In this article, I’ll share my experience with Xarray’s stack method when working with large datasets and how I discovered a more efficient way of stacking per chunk (blockwise) to improve performance. Please note that this article is intended for readers who are already familiar with Dask and Xarray.

Chunk management is a critical aspect of optimizing performance when dealing with large datasets. However, when using Xarray’s standard stack method, I encountered a significant problem. The method resulted in a high number of interdependencies between the resulting Dask graph’s chunks, ultimately negatively impacting performance. Specifically, each output chunk was dependent on all input chunks along the dimension to be stacked, leading to a slow and inefficient computation process. To address this issue, I developed a custom blockwise stack function that improved performance by avoiding these interdependencies and enabling parallel computation.

It’s important to note that this is not a bug in Xarray. Their implementation is necessary for reproducibility with different chunking schemas. However, since I was focused on performance, I decided to develop my own solution.

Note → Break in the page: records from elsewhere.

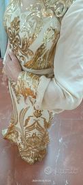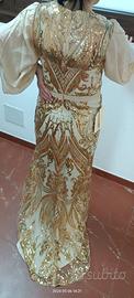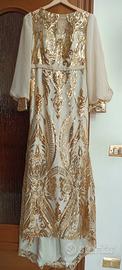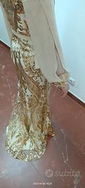 Abito a sirena da cerimonia colore Champagne con lavorazione paillettes d'orate. Tg. S Misure: Circonf. Seno 82. Circonf. Vita cm. 76. Circonf. fianchi cm. 86. Dalla fossetta del giugulo a terra cm. 133. Altezza dav. dalla testa ai piedi cm. 159. NUOVO!!! Ancora con cartellino... Purtroppo "svendo" per errato Colore! Occasionissima!!!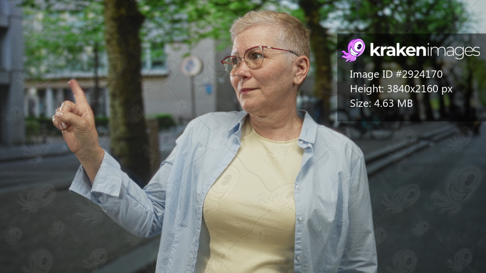 Woman points index finger on a city street, looking sideways with glasses and short buzzcut, wearing a light shirt; determination.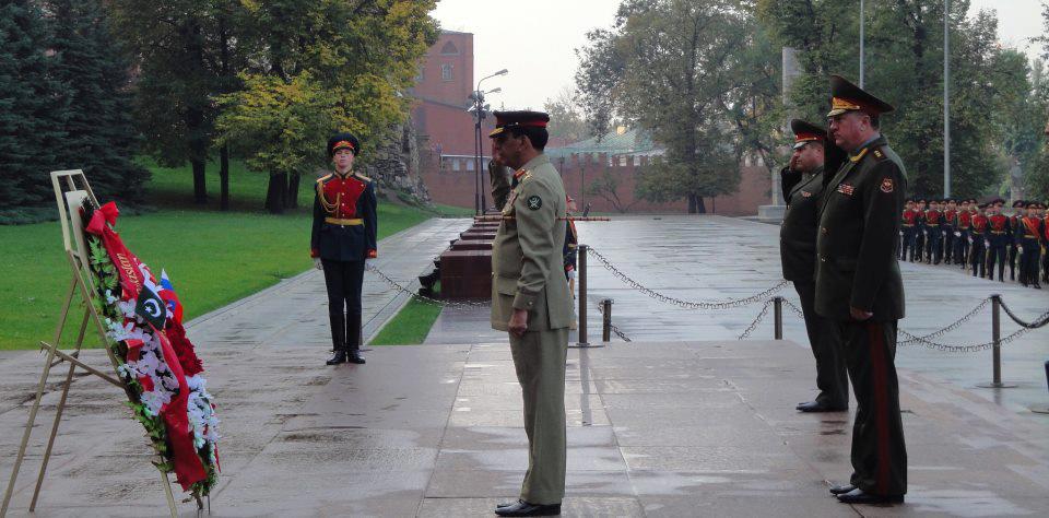 جنرال اشفاق کیانی رئیس ستاد ارتش پاکستان درحال ادای احترام بالای قبرسربازان روسی که درجنگهای دههء هشتاد درافغانستان کشته شده اند
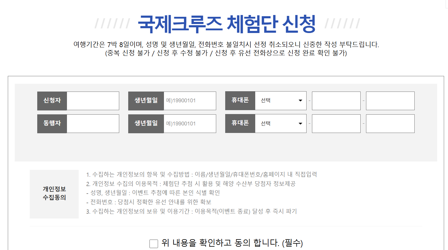 주의사항: 과거 해양수산부 크루즈 체험단 선정자는 중복 참여 불가

To illustrate the problem and its solution, I’ll:

I hope that by the end of this article, readers will have a better understanding of the issues surrounding Xarray’s stack method and how to improve performance when working with large datasets.

The dummy dataset.

The following is a small dummy dataset that includes a coordinate named “chunk_idx.” This coordinate specifies the chunk index for each xy value, allowing us to easily observe how the chunks are affected by stacking later on.

import xarray as xr
import dask.array as da
import numpy as np
from blockwise_stack import blockwise_stack


one_to_six = np.array([[1, 2, 3], [4, 5, 6]])


ds = xr.Dataset(
    {
        "data": (
            ["y", "x", "band"],
            da.random.random((4, 6, 3), chunks=(2, 2, -1)),
        )
    },
    coords={
        "chunk_idx": (
            ("y", "x"),
            np.repeat(np.repeat(one_to_six, 2, axis=0), 2, axis=1),
        )
    },
)
ds.data
<xarray.DataArray 'data' (y: 4, x: 6, band: 3)>
dask.array<random_sample, shape=(4, 6, 3), dtype=float64, chunksize=(2, 2, 3), chunktype=numpy.ndarray>
Coordinates:
    chunk_idx  (y, x) int64 1 1 2 2 3 3 1 1 2 2 3 3 4 4 5 5 6 6 4 4 5 5 6 6
Dimensions without coordinates: y, x, band